Top of Supplied entries

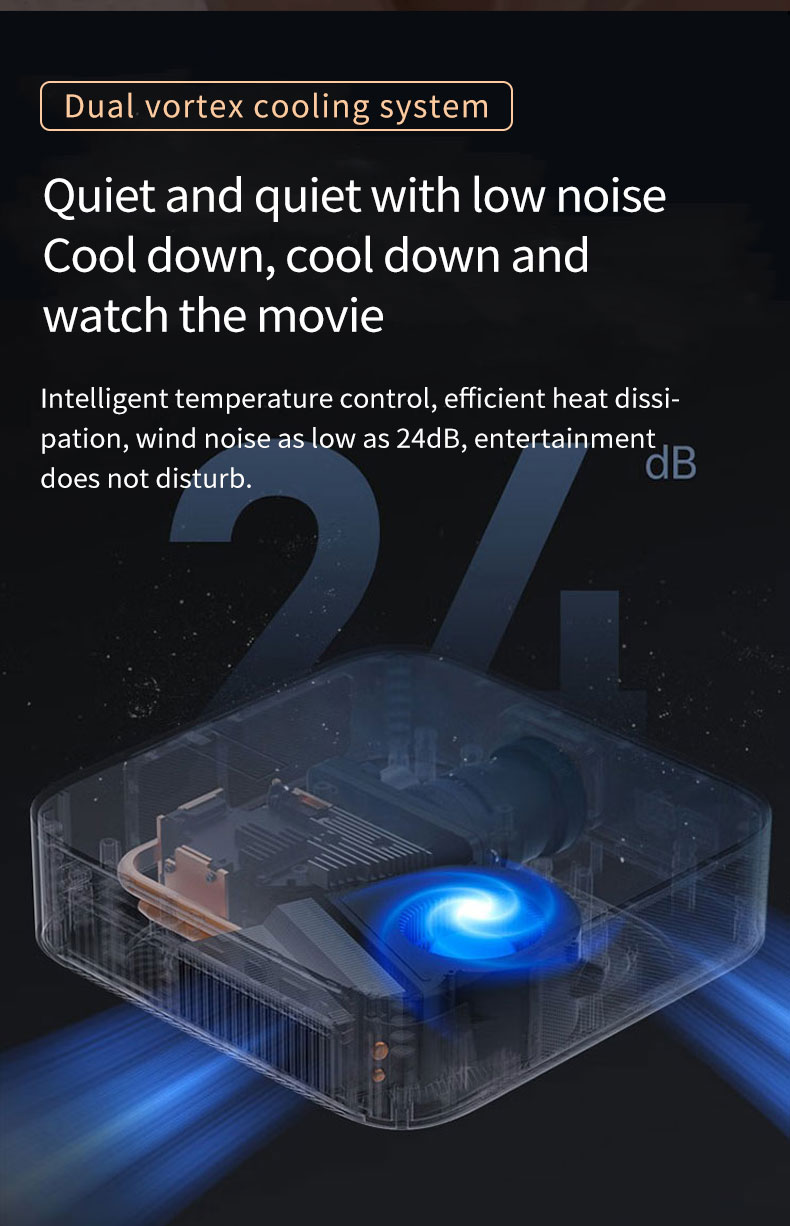 Quiet and quiet with low noise. Cool down and watch the movie. Intelligent temperature control, efficient heat dissipation, wind noise as low as 24dB, entertainment does not disturb.
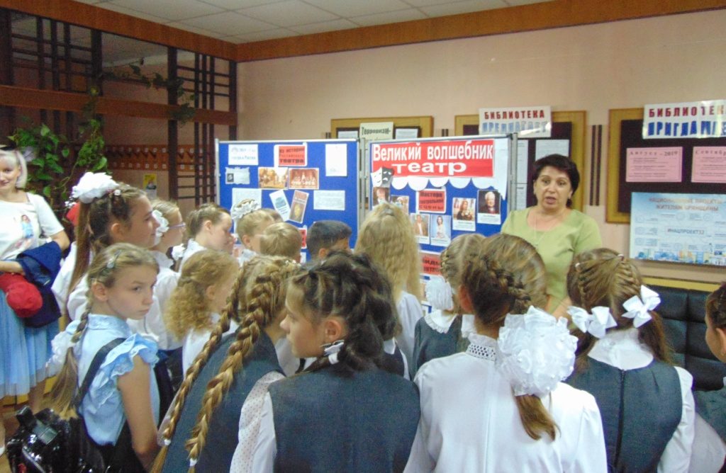С помощью электронной презентации школьники смогли «посетить» знаменитые театры России, такие, как Большой театр, театр «Современник», Мариинский театр, а также театр имени Вахтангова, который готовится отметить свой 100-летний юбилей.
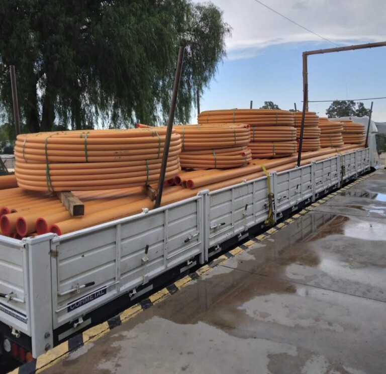 Arribó el camión a la localidad, desde Pico Truncado, con los caños para la extensión de red de gas, que llevará adelante la Empresa CHIMEN AYKE .
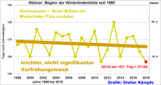 Abbildung 9: Geringe Verfrühung der Winterlinden-Blüte (Beobachtungsdaten leider erst seit 1998 vorliegend). Zusammen mit 2011, war 2018 der zeitigste Blühbeginn.
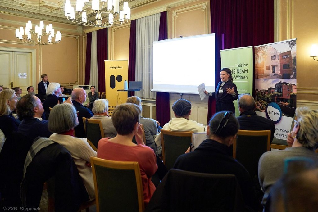 Wie Baugruppen Kooperation und Gemeinwohl stärken. Unter diesem Motto stand das 3. ZxB – Wohngespräch, das am 30.11. im Saal der Bezirksvorstehung Landstraße stattfand. Viele interessierte Besucher:innen nutzten die Gelegenheit, um sich einen Einblick über die Potenziale von Baugruppen im Altbau zu verschaffen! Eileen Stephan von realitylab stellte das Projekt vor und Fr. Bezirksvorsteher-Stellvertreterin Susanne Nückel hieß uns herzlich willkommen und betonte den Wert solcher Forschungsprojekte, die versuchen, zu aktuellen Herausforderungen innovative Ideen zu entwicklen. „Was sind überhaupt Baugruppen und welche positiven gesellschaftlichen Effekte haben sie?“ darüber berichtete Ralf Aydt (Foto 1), Sprecher und Vorstandsmitglied der Initiative Gemeinsam Bauen & Wohnen (IniGBW). In ihrem Input erläuterte Gudrun Pollack, ebenfalls im Vorstand der IniGBW und Bewohnerin des Baugruppenprojekts SchlOR, die unterschiedlichen rechtlichen Modelle des Projekts. Die Möglichkeiten sind sehr weit gefasst und werden jeweils an die jeweiligen Anforderungen und Bedürfnisse angepasst.
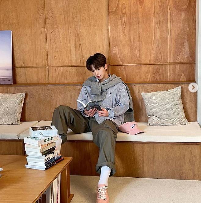 책을 읽는 콘셉트 사진에서는 김요한의 완벽한 비율과 모델 못지않은 포즈 센스를 엿볼 수 있다.

Bottom of Supplied entries

A word-for-word copy is needed, starting at the first line of the listing and ending with the line bearing "Wie Baugruppen Kooperation". No pictures.

(Response area):
 Quiet and quiet with low noise. Cool down and watch the movie. Intelligent temperature control, efficient heat dissipation, wind noise as low as 24dB, entertainment does not disturb.
С помощью электронной презентации школьники смогли «посетить» знаменитые театры России, такие, как Большой театр, театр «Современник», Мариинский театр, а также театр имени Вахтангова, который готовится отметить свой 100-летний юбилей.
 Arribó el camión a la localidad, desde Pico Truncado, con los caños para la extensión de red de gas, que llevará adelante la Empresa CHIMEN AYKE .
 Abbildung 9: Geringe Verfrühung der Winterlinden-Blüte (Beobachtungsdaten leider erst seit 1998 vorliegend). Zusammen mit 2011, war 2018 der zeitigste Blühbeginn.
 Wie Baugruppen Kooperation und Gemeinwohl stärken. Unter diesem Motto stand das 3. ZxB – Wohngespräch, das am 30.11. im Saal der Bezirksvorstehung Landstraße stattfand. Viele interessierte Besucher:innen nutzten die Gelegenheit, um sich einen Einblick über die Potenziale von Baugruppen im Altbau zu verschaffen! Eileen Stephan von realitylab stellte das Projekt vor und Fr. Bezirksvorsteher-Stellvertreterin Susanne Nückel hieß uns herzlich willkommen und betonte den Wert solcher Forschungsprojekte, die versuchen, zu aktuellen Herausforderungen innovative Ideen zu entwicklen. „Was sind überhaupt Baugruppen und welche positiven gesellschaftlichen Effekte haben sie?“ darüber berichtete Ralf Aydt (Foto 1), Sprecher und Vorstandsmitglied der Initiative Gemeinsam Bauen & Wohnen (IniGBW). In ihrem Input erläuterte Gudrun Pollack, ebenfalls im Vorstand der IniGBW und Bewohnerin des Baugruppenprojekts SchlOR, die unterschiedlichen rechtlichen Modelle des Projekts. Die Möglichkeiten sind sehr weit gefasst und werden jeweils an die jeweiligen Anforderungen und Bedürfnisse angepasst.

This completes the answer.